Но я опоздал. Когда я подошел к ее двери, она была приоткрыта, а в комнате никого не было. Что ж, подумал я, по крайней мере я могу найти ее, и мы с ней вместе вернемся домой. С Корримьюрского холма видно всю округу, поэтому, захватив трость, я направился к нему. Утро было солнечным, но холодным, помню, море тогда сильно шумело, хотя ветра не было уже несколько дней. Я поднимался по извилистой тропинке, ведущей в гору по склону холма, вдыхая полной грудью чистый, свежий утренний воздух, и что-то напевал, пока, несколько запыхавшись, не добрался до зарослей утесника на вершине. Взглянув вниз на противоположную сторону, уходящую длинным покатым склоном вниз, я, как и ожидал, увидел кузину Эди. А еще я увидел Джима Хорскрофта, идущего с ней рядом.

Мне было их прекрасно видно, они же были слишком заняты друг другом, чтобы заметить меня. Она шла медленно, капризно склонив набок свою изящную головку, стараясь не смотреть в его сторону, и время от времени что-то говорила. Он шел рядом, не отрывая от нее глаз, и что-то взволнованно рассказывал, иногда в пылу разговора кивая головой. Потом, после каких-то его слов, она повернулась к нему, ласково положила ладонь ему на плечо, и он в тот же миг страстно обнял ее и стал осыпать поцелуями. От этой картины я словно онемел. Не в силах пошевелиться, я наблюдал за ними с высоты холма и чувствовал, как сердце мое наливается свинцом, а лицо каменеет. Она оплела рукой его шею, и я понял, что его поцелуи ей приятны не меньше, чем мои.

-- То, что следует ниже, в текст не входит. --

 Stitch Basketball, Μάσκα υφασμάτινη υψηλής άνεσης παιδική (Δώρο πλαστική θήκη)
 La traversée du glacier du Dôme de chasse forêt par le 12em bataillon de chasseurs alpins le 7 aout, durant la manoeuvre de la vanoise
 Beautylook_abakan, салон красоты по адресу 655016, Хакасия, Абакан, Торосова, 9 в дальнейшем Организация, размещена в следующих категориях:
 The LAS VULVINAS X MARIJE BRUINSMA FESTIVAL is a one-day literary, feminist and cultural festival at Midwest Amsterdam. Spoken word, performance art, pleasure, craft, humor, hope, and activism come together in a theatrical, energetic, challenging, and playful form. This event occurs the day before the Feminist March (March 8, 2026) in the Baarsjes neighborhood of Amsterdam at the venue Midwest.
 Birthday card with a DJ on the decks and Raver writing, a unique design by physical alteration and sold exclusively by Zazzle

Потом он отпустил ее, и стало ясно, что так они попрощались. И действительно, пройди они еще шагов сто, их уже можно было бы увидеть из окон дома. Она медленно пошла дальше, пару раз обернулась и махнула рукой, он же остался на месте и смотрел, как она уходит. Дождавшись, пока она отойдет подальше, я пошел вниз. Но Джим был так увлечен своим занятием, что не услышал моих шагов и обернулся, лишь когда я был уже рядом.

– А, Джок, – промолвил он. – Что, сегодня вышел пораньше?

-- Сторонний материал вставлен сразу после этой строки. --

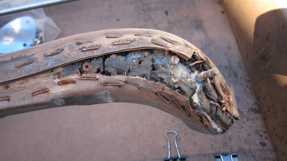 When removing the left side trim rail the side curtain peg socket was rusty enough that it ripped apart in the middle. Oops. And the rust had expanded so much that it had split the wood rail. Oops again. Well, the wood rails had survived 36 years and half a million miles, and two or three fabric re-coverings, so I recon they don't owe us anything, just order up some more new parts.
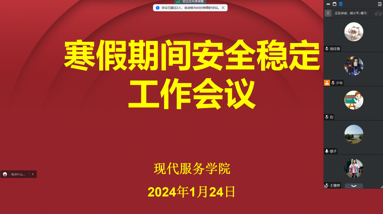 01-25/2024现代服务学院召开寒假期间安全稳定工作会
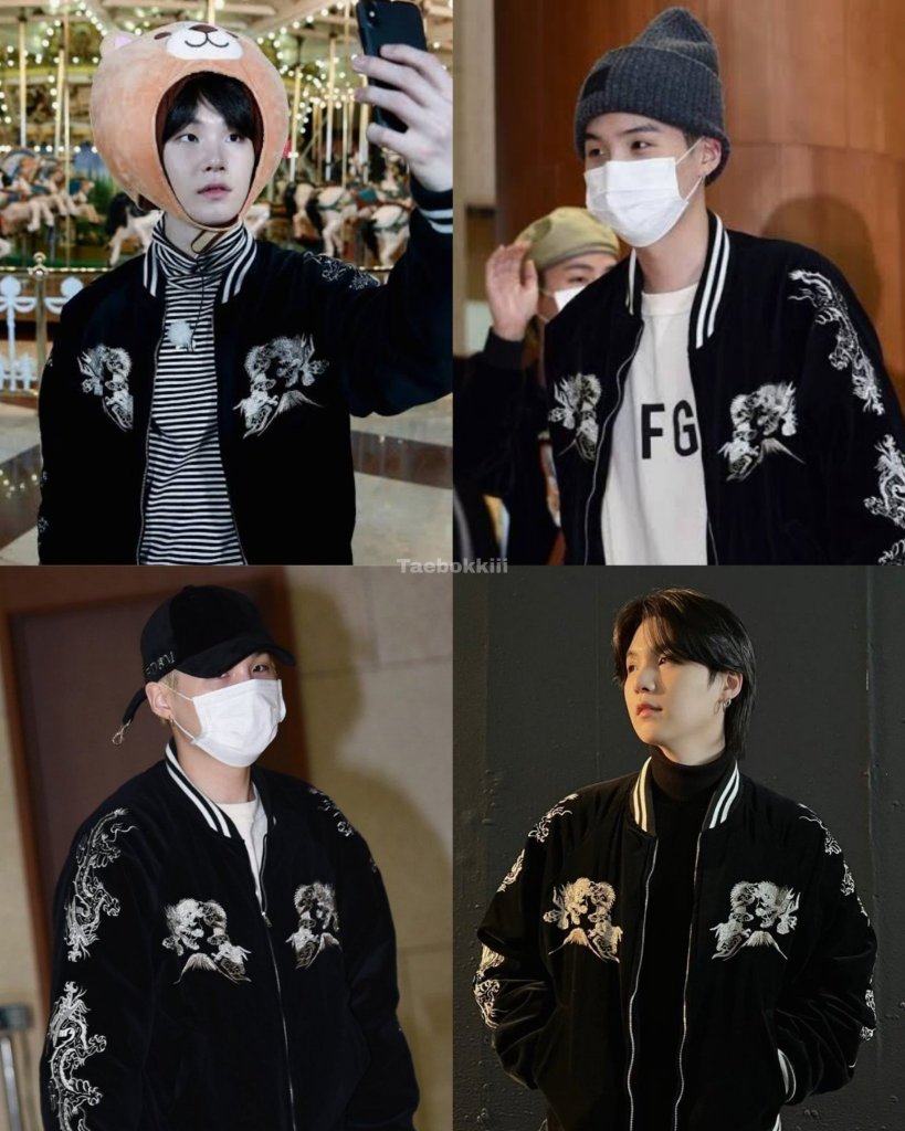 “BTS’ SUGA recently posted a photo on his Instagram account. It was just as simple photo but one thing that ARMY noticed was the black baseball jacket that he was wearing. It is a jacket that he has been seen wearing a couple of times in the past. He wore the exact same jacket during a Vlive, he was seen with the jacket at the airport and even in one of the run BTS episodes.
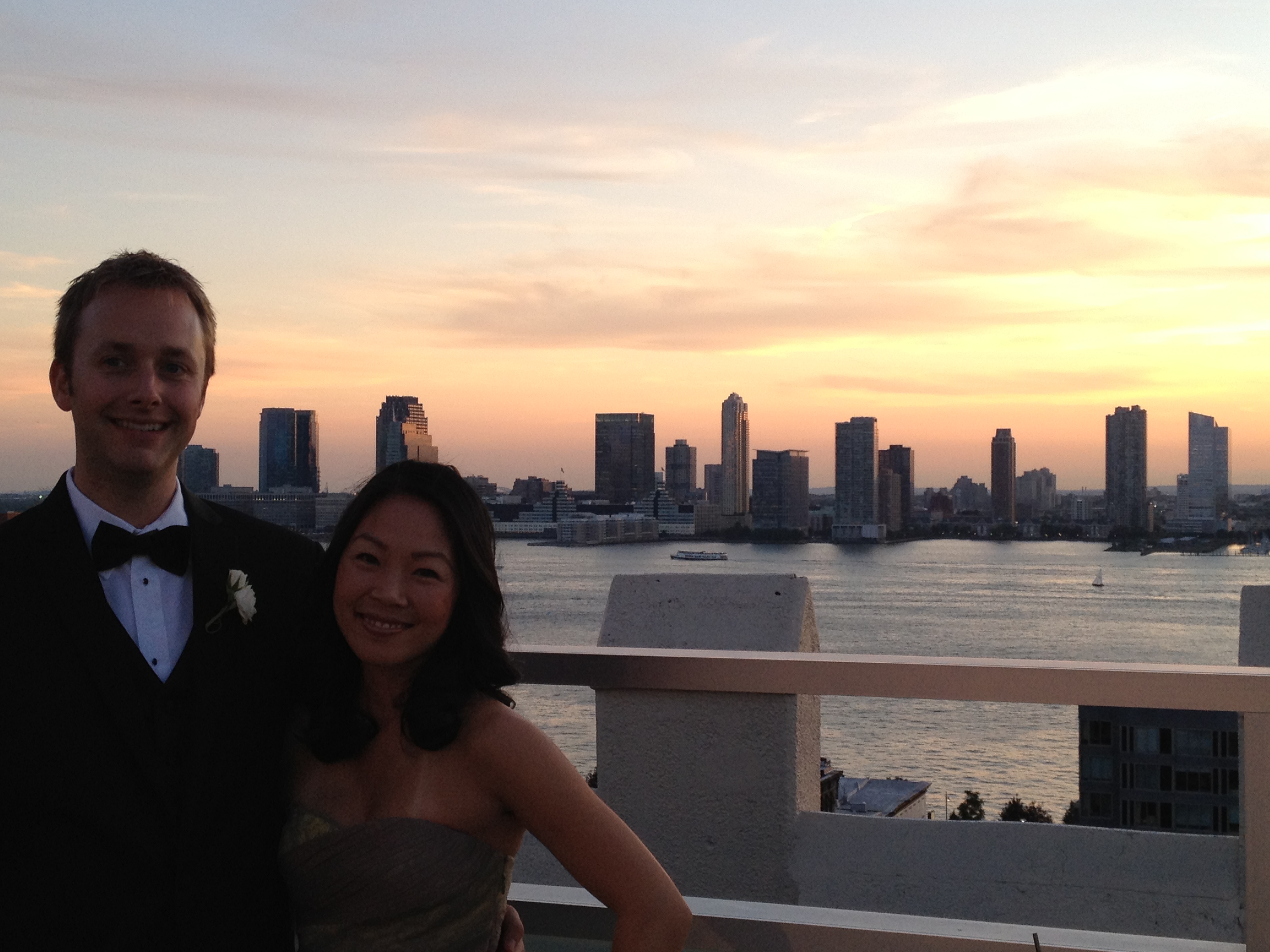 Gorgeous view from the rooftop, overlooking the Hudson river. They had perfect weather for their wedding day and a gorgeous sunset.

– Я видел вас! – задыхаясь, вскричал я, и в горле у меня сделалось сухо, как у больного ангиной.

– Видел? – переспросил он и присвистнул. – А знаешь, Джок, это и хорошо. Я как раз сегодня собирался прийти в Вест-инч и все тебе рассказать. Может, так оно и лучше будет.

– А я считал тебя другом! – голосом, полным презрения, произнес я.

– Ну, Джок, будь благоразумным. – Он засунул руки в карманы и стал покачиваться с пятки на носок. – Давай я расскажу тебе, как обстоят дела. Посмотри мне в глаза, и ты поймешь, что я не лгу. Значит, так. Я встретился с Эди, то есть с мисс Калдер, в то утро еще до того, как пришел к вам, но у меня были причины посчитать, что она свободна. Поэтому я и позволил себе увлечься ею. А потом ты вдруг сказал мне, что она несвободна и вы собираетесь пожениться. Для меня это было настоящим ударом. У меня тогда мозги набекрень пошли. Несколько дней я вел себя, как распоследний дурак, и слава Богу, что до сих пор не загремел под фанфары. Потом я случайно снова с ней встретился… Клянусь тебе, Джок, совершенно случайно. И когда я рассказал ей о тебе, она рассмеялась и заверила меня, что вы относитесь друг к другу как кузены, а насчет того, что она несвободна или что ты ей больше чем друг, – это все глупости. Так что видишь, Джок, я не так уж виноват, тем более она обещала, что своим поведением даст тебе понять, как ты ошибаешься, думая, что имеешь на нее права. Ты же наверняка заметил, что она две последние недели с тобой почти не разговаривает.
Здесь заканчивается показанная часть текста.